In his paper on operator's manuals, James Paradis makes a claim that by the very nature of their medium, manuals and instructions cannot possibly account for the entire range of experiences that can happen in the real world. It's a severe limit of the medium, indeed. There are so many variables in our busy and random world, especially so in places like construction sites, where the nailguns being referenced in Paradis's essay were being used. In attempting and failing to account for the possible dangers of the tools, the manual writers for the respective studgun companies allowed human life to fall through the cracks. It's certainly appropriate that these mistakes were legislated!
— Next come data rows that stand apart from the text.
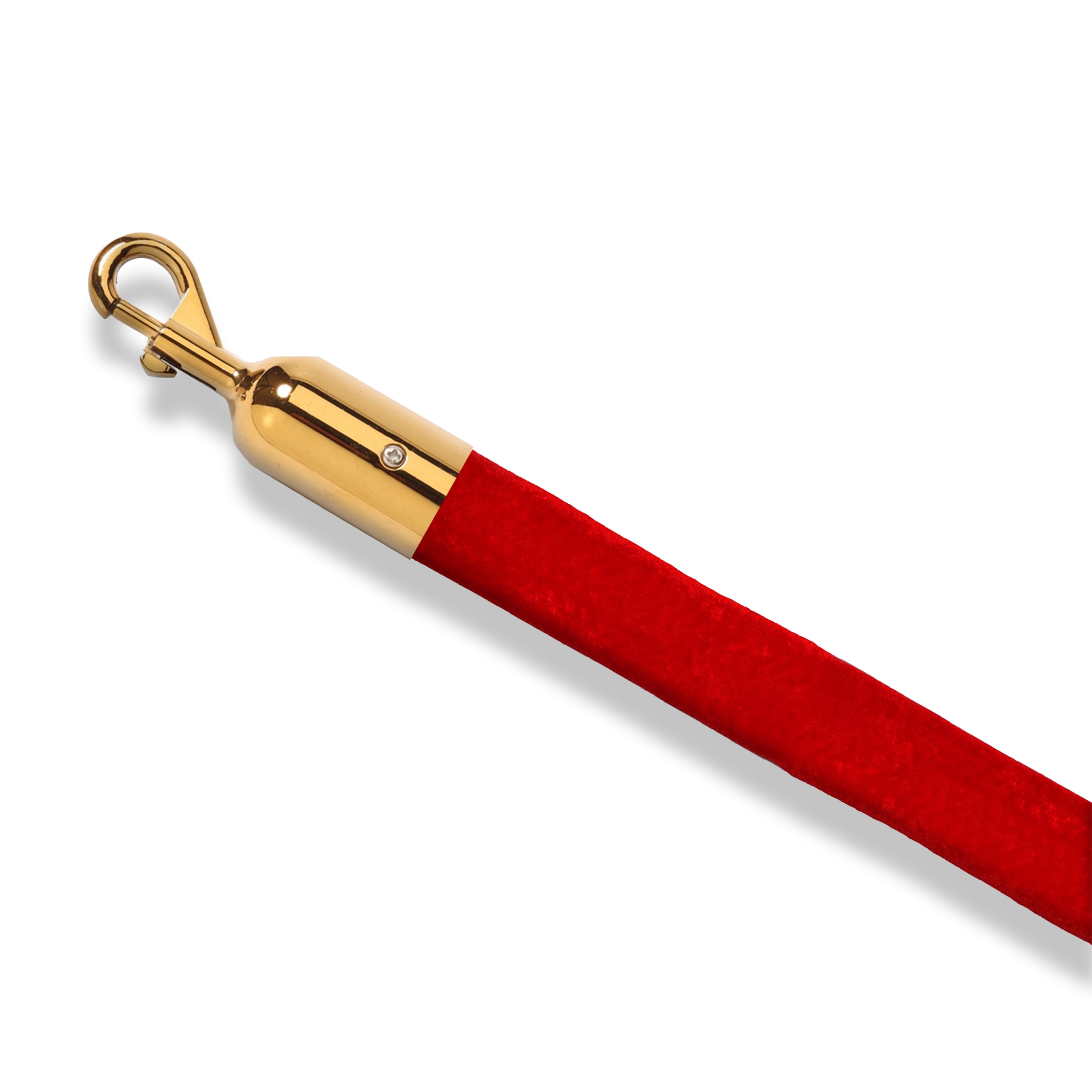 Exklusive VIP Absperrkordel mit weichem rotem Samt inklusive goldenem Klickverschluss. Passend zu unseren Gold RopePro Absperrstolper.
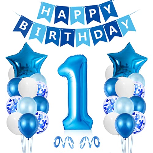 1 år gammal pojke födelsedagsballong, 1 år gammal dekoration blå, födelsedagsballonger nummer 1, ballonger konfetti latex födelsedagstillbehör dop festdekoration
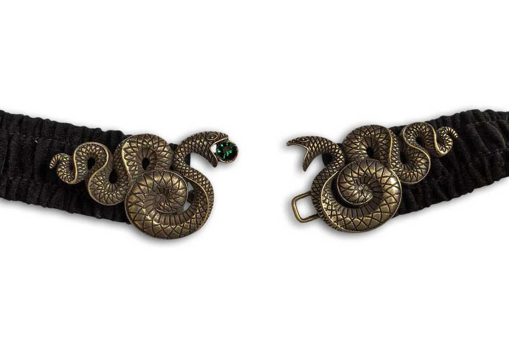 A modern reproduction of a Victorian belt buckle based on a design by William Kerr includes an attached elastic stretch black velvet belt that can be altered to fit. This high-quality buckle looks great worn high on the waist or low slung.
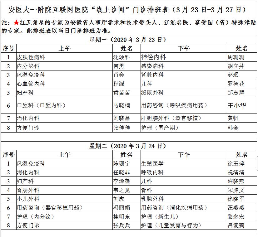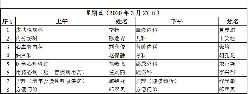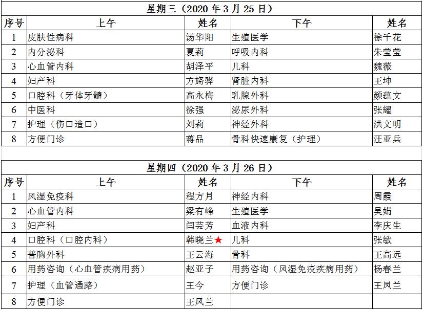 3月23日至27日我院互联网医院“线上诊间”门诊排班如下:
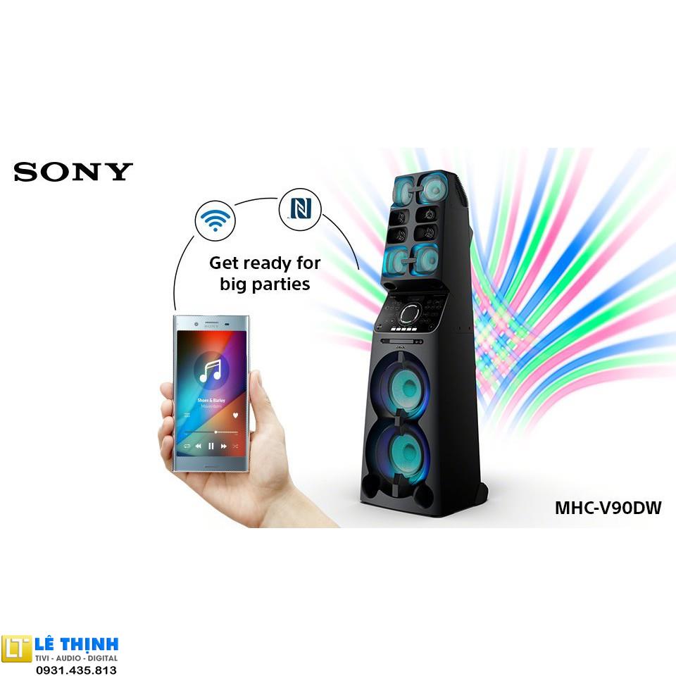 Công suất âm thanh lớn , loa vang xa. Âm trầm ấn tượng và âm bổng rõ nét. Với chiều cao 170 cm, MHC-V90DW mang lại âm thanh đáng kinh ngạc ngay phía sau sàn nhảy.
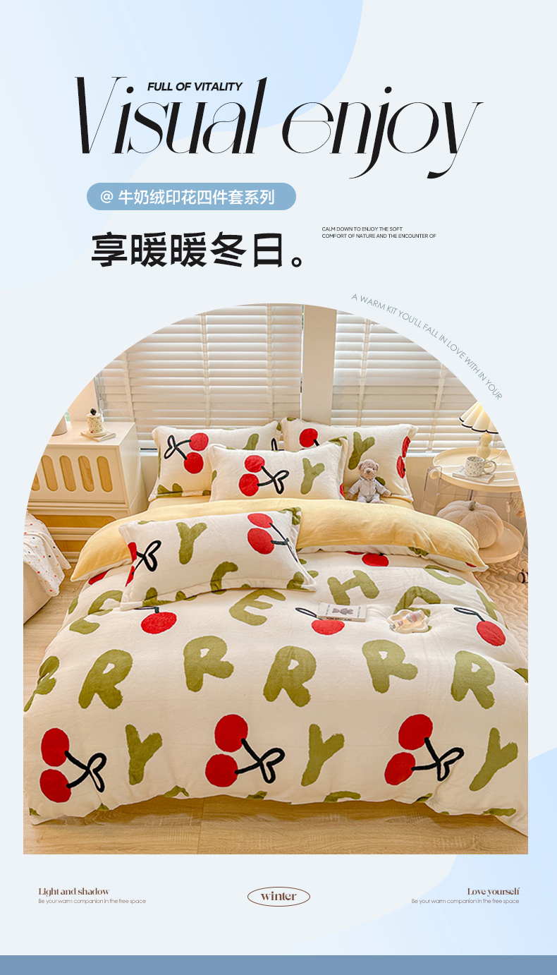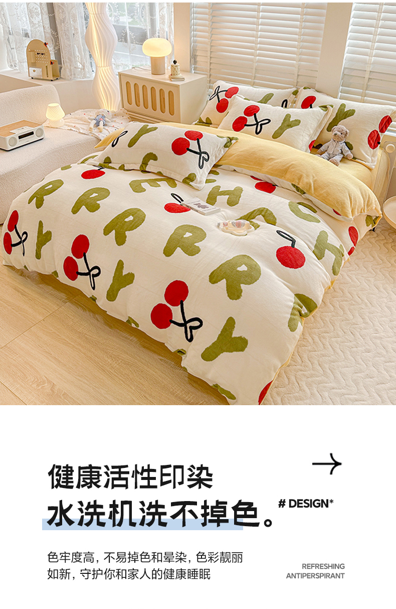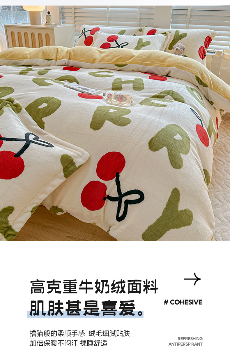卡普二店 2024新款牛奶绒印花四件套 芽蜜
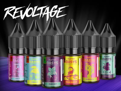 Eine weitere Linie innerhalb der Revoltage Hybrid Nikotinsalze ist die OASYS-Serie. Auch diese Liquids werden gebrauchsfertig in 10 ml Flaschen und mit den Nikotinstärken 0 mg/ml, 10 mg/ml sowie 20 mg/ml angeboten. Die OASYS-Serie erweitert das Geschmacksspektrum um zusätzliche Kompositionen. Dazu gehören Sorten wie Nubian Mountain (Heidelbeer-Trauben Mix, exotische Noten), Lemon Ice (Zitrone mit eisiger Frische), Black Nana (rote Traube, Minze, Kühle), Gum Ice (süßer Kaugummi, eisige Frische), Grape Mint (orientalische Minze, Traube, Kühle) und Double Apple (Apfel, Anis).

That the manuals were written by tradesmen first and barely scrutinized before publishing is unsettling, and makes one wonder how many other companies cut similar corners in making safety warnings for their products.
However, I'm not so confident that Paradis' perspective on capturing the world into text is entirely correct. The way he writes that user manuals can't possibly account for all of the variables in a real work environment makes Paradis sound downright sympathetic to the people responsible for putting out dangerous tools without appropriate warnings. Is it truly impossible, as Paradis says, to take even a narrow snapshot of the greater world and put it on the page? Surely, it can't be. If that option was so entirely off the table, then people wouldn't be spending as much time as they do on writing as a medium. It's the job of any artist, no matter the medium, to try to capture life's ephemera as best they can. It's not an easy task, indeed, but it's far from impossible. This is why people get degrees in the arts. Perhaps it's not that we should consider this kind of thoroughness in writing impossible; we must instead understand that even the most seemingly innocuous forms of communication should be done by those who really know what they're doing.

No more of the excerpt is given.